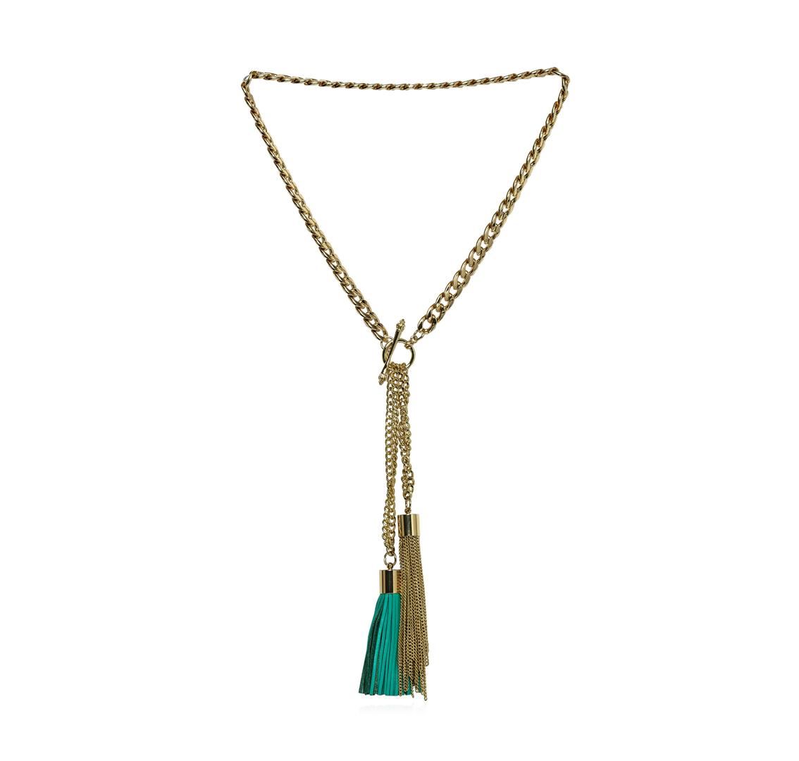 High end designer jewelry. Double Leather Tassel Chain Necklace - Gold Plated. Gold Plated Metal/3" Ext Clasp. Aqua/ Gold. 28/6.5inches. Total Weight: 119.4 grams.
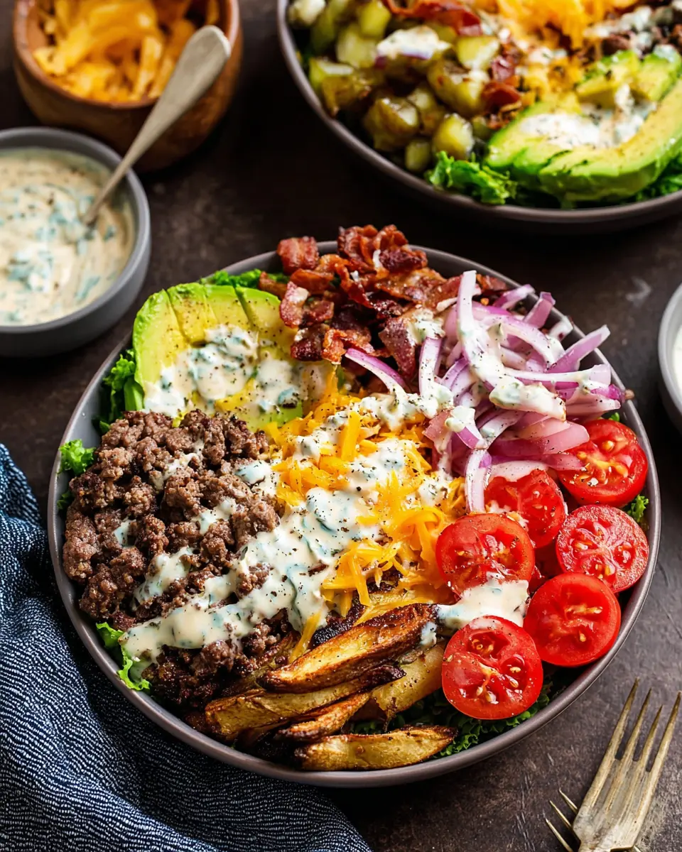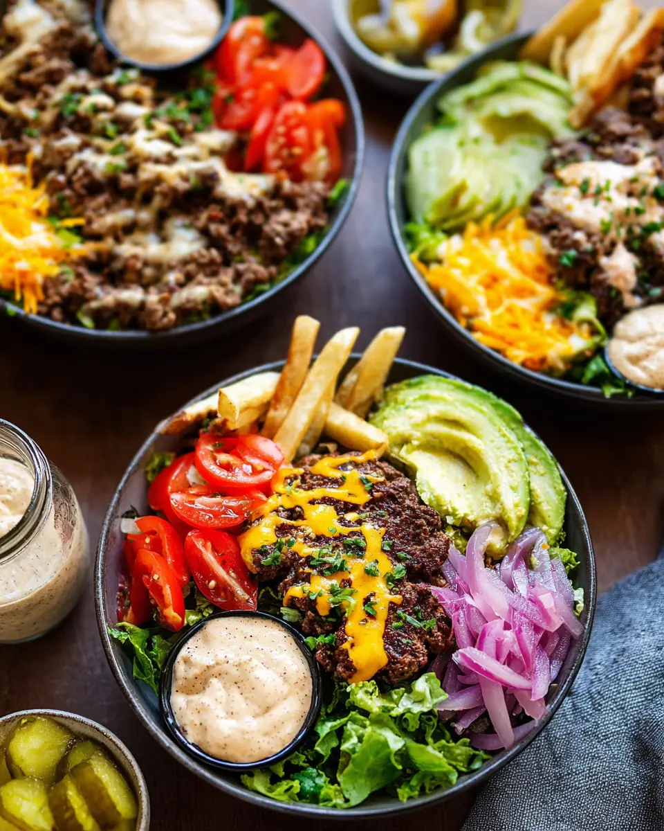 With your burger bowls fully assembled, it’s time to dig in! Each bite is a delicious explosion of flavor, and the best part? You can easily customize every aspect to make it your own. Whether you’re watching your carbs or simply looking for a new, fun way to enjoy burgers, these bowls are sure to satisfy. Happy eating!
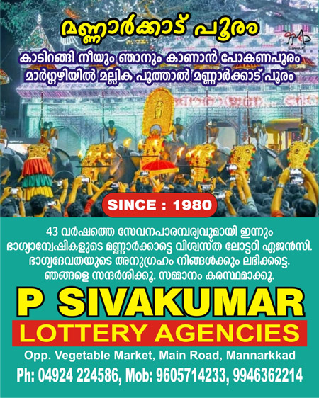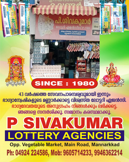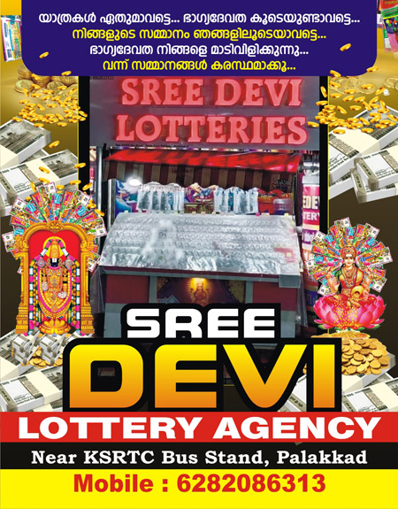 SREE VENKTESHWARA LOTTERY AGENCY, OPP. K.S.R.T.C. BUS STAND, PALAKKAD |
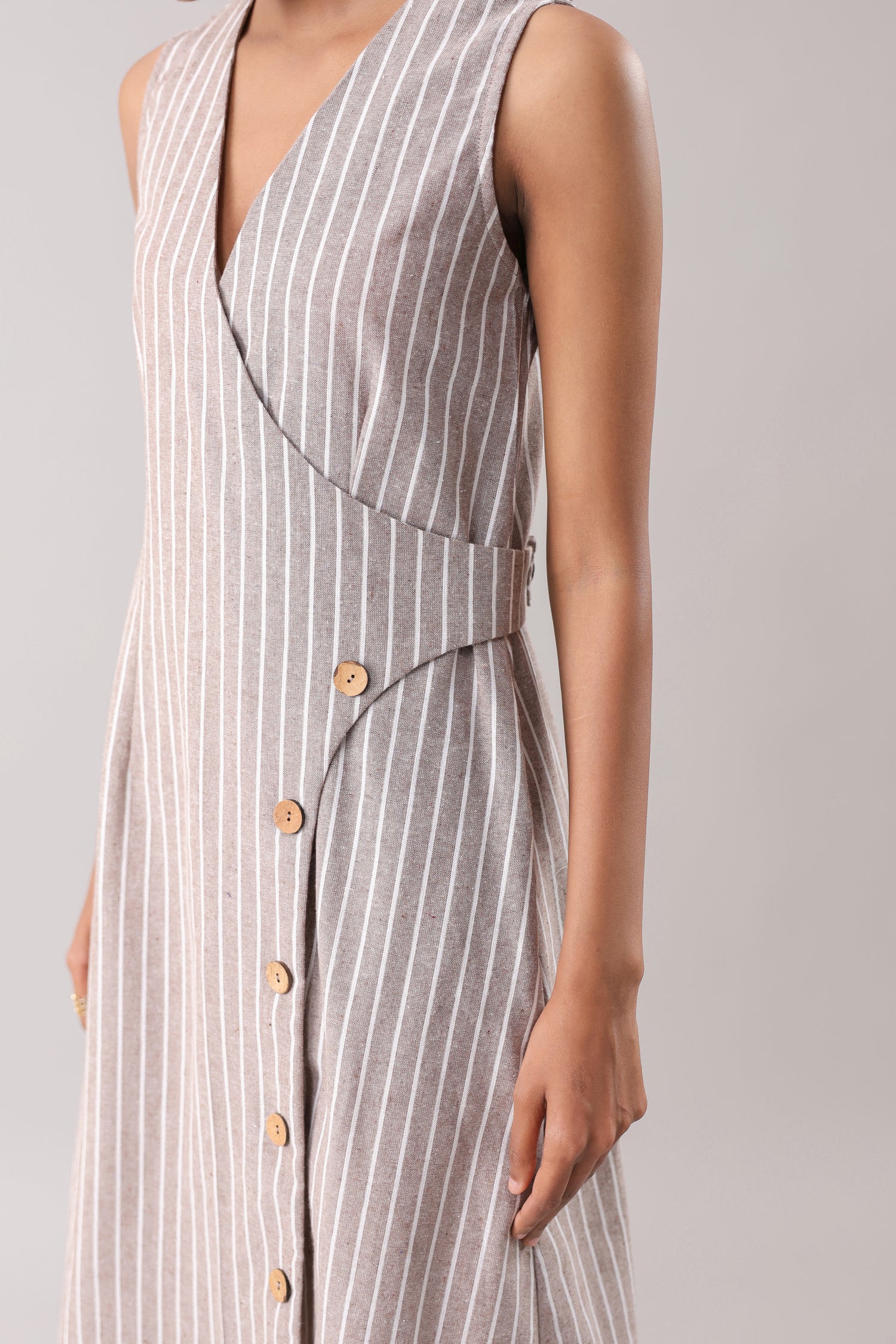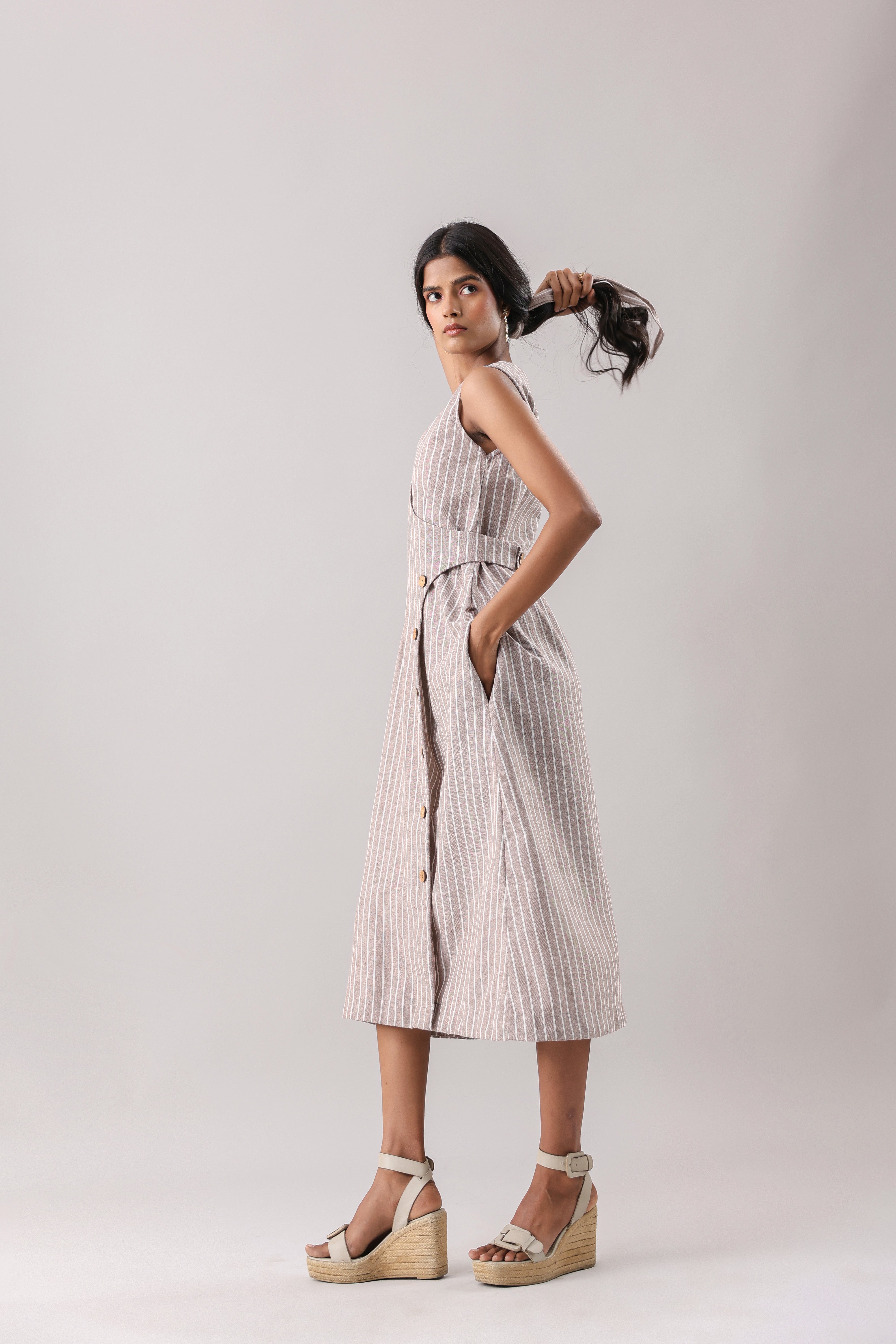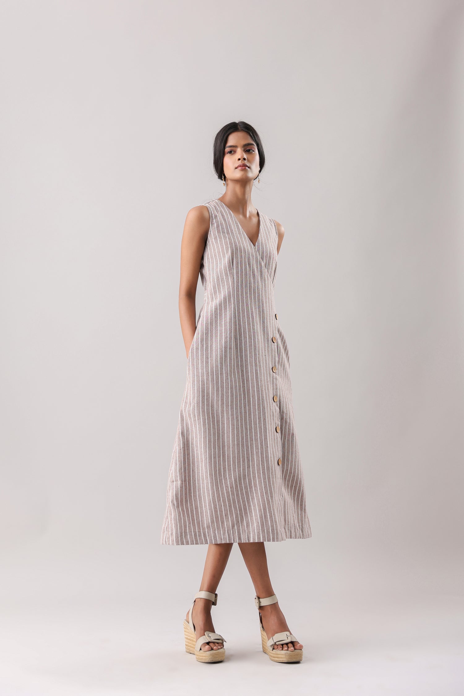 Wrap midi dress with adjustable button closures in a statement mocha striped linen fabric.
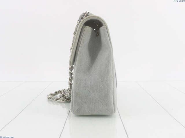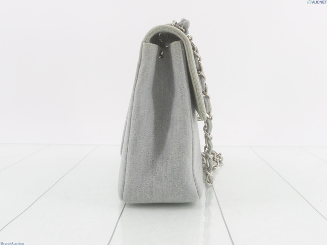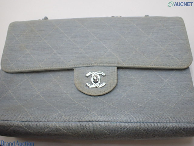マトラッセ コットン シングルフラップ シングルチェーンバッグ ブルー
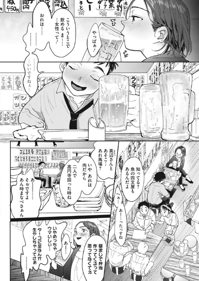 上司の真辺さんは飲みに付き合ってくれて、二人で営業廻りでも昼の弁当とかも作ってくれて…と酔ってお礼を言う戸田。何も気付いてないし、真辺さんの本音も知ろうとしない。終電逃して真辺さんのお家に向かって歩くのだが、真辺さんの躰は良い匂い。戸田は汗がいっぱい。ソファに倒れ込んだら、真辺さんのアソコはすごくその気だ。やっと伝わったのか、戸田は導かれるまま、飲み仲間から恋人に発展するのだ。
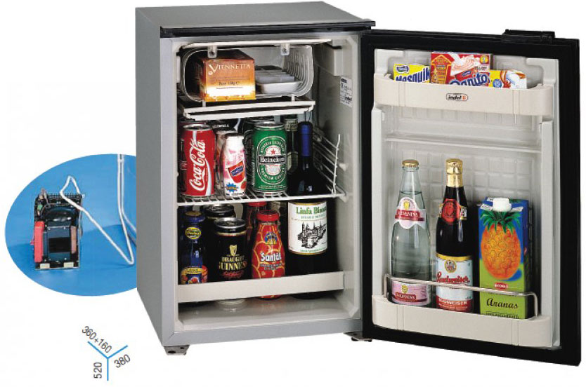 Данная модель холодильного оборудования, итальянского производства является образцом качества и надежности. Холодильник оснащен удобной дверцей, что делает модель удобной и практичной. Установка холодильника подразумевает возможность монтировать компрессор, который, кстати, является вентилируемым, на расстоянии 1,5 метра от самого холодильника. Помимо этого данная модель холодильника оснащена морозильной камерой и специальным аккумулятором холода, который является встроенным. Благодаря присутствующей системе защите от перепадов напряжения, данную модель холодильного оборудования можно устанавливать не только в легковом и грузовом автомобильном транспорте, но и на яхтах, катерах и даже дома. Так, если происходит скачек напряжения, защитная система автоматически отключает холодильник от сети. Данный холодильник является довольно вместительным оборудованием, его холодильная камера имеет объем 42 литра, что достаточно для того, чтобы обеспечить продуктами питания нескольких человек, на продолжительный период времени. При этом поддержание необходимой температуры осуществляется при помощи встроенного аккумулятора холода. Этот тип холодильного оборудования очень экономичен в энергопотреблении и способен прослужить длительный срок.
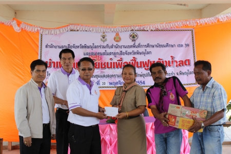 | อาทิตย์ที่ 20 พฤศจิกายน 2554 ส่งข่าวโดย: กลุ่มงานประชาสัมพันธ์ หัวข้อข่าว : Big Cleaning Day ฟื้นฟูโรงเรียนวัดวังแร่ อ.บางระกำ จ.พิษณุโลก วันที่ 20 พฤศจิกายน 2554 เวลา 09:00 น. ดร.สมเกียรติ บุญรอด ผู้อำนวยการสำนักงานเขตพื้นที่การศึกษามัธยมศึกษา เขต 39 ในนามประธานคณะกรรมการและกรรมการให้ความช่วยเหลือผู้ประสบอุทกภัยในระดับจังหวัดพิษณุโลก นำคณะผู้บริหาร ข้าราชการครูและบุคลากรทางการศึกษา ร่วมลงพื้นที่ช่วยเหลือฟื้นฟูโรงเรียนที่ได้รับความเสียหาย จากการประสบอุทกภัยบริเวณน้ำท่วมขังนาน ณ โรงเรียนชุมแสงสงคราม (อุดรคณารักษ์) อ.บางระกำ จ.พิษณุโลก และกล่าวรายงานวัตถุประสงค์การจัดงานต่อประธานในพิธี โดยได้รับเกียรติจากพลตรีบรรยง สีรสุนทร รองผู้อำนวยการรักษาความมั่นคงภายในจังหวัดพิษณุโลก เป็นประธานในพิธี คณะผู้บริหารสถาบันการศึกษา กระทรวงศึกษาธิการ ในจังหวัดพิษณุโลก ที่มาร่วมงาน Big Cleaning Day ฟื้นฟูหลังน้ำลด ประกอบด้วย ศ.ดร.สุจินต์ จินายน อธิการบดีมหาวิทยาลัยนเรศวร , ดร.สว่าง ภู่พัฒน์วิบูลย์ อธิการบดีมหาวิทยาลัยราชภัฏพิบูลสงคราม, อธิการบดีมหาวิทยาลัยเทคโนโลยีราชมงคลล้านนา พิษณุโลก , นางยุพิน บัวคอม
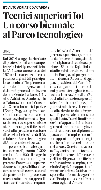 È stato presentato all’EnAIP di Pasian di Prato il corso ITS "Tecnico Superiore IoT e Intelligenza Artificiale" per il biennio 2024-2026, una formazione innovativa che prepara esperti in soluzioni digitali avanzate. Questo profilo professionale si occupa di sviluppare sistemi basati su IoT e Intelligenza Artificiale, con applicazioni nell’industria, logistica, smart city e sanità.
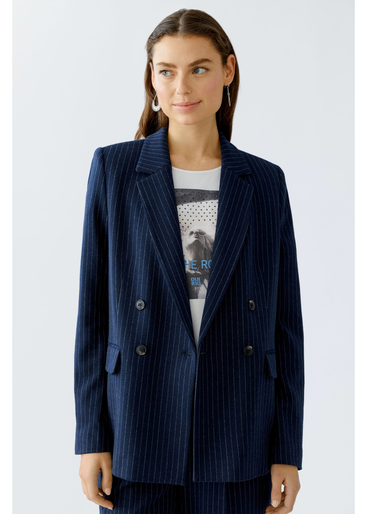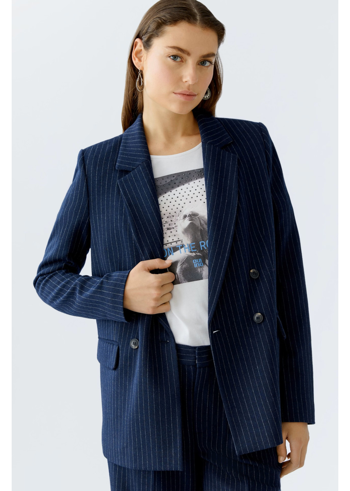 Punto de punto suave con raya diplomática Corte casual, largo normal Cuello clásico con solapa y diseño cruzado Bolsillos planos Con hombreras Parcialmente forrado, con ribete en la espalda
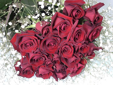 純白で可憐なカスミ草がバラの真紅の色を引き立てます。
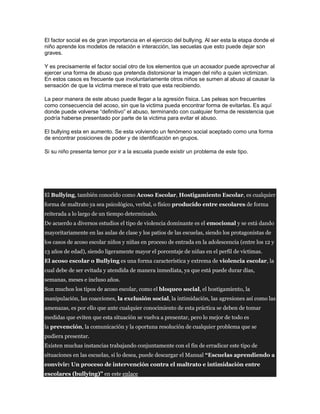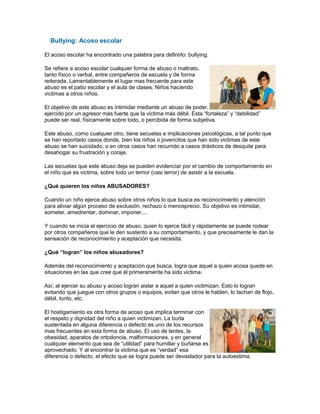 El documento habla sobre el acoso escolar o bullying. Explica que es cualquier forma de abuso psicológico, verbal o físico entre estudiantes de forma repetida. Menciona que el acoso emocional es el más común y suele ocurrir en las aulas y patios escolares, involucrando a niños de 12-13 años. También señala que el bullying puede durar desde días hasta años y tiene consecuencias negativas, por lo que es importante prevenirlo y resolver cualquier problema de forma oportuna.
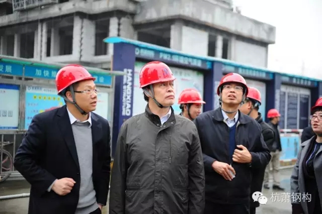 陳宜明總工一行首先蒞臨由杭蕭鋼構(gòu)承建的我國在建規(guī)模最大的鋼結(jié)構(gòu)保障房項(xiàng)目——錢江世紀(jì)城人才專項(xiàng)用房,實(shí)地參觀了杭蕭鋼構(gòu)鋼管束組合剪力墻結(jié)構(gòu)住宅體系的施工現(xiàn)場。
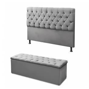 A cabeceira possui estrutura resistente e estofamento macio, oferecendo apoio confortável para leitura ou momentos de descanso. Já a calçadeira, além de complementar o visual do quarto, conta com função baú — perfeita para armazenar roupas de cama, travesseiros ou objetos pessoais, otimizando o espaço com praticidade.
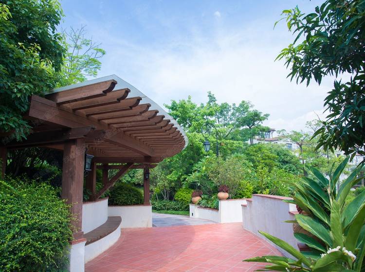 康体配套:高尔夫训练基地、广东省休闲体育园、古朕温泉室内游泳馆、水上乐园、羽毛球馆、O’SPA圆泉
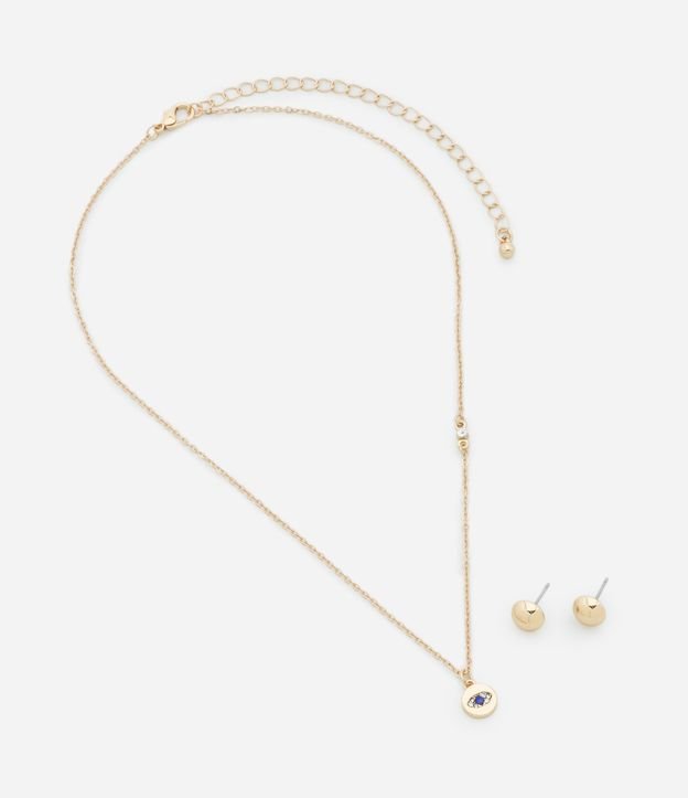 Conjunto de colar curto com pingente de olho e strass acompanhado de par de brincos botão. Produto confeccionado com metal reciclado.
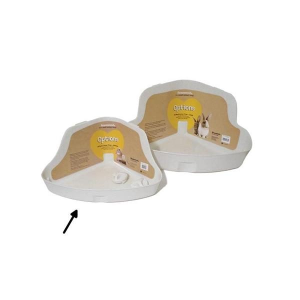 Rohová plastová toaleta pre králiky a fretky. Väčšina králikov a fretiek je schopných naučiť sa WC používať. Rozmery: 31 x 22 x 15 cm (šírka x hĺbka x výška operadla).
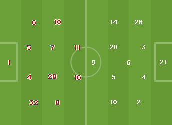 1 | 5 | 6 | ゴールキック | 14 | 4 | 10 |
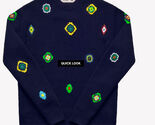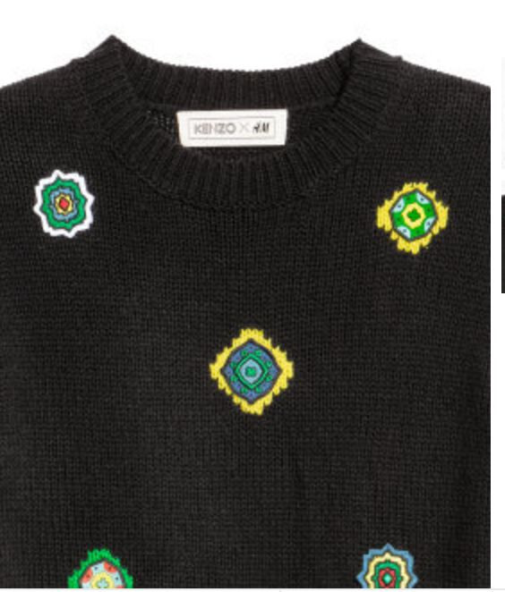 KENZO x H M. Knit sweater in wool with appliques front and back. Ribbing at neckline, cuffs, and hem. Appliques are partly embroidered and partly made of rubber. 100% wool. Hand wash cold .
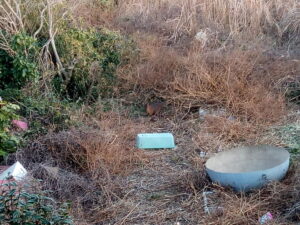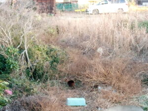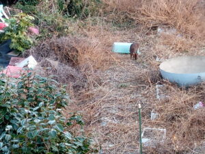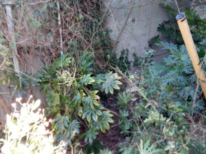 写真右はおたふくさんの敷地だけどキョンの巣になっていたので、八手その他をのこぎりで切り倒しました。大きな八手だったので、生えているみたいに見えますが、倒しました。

..............................

Copy word for word the lines above, starting at the line containing "With your burger" and ending at the line containing "マトラッセ コットン シングルフラップ シングルチェーンバッグ ブルー", inclusive, with no pictures.

 With your burger bowls fully assembled, it’s time to dig in! Each bite is a delicious explosion of flavor, and the best part? You can easily customize every aspect to make it your own. Whether you’re watching your carbs or simply looking for a new, fun way to enjoy burgers, these bowls are sure to satisfy. Happy eating!
 SREE VENKTESHWARA LOTTERY AGENCY, OPP. K.S.R.T.C. BUS STAND, PALAKKAD |
 Wrap midi dress with adjustable button closures in a statement mocha striped linen fabric.
マトラッセ コットン シングルフラップ シングルチェーンバッグ ブルー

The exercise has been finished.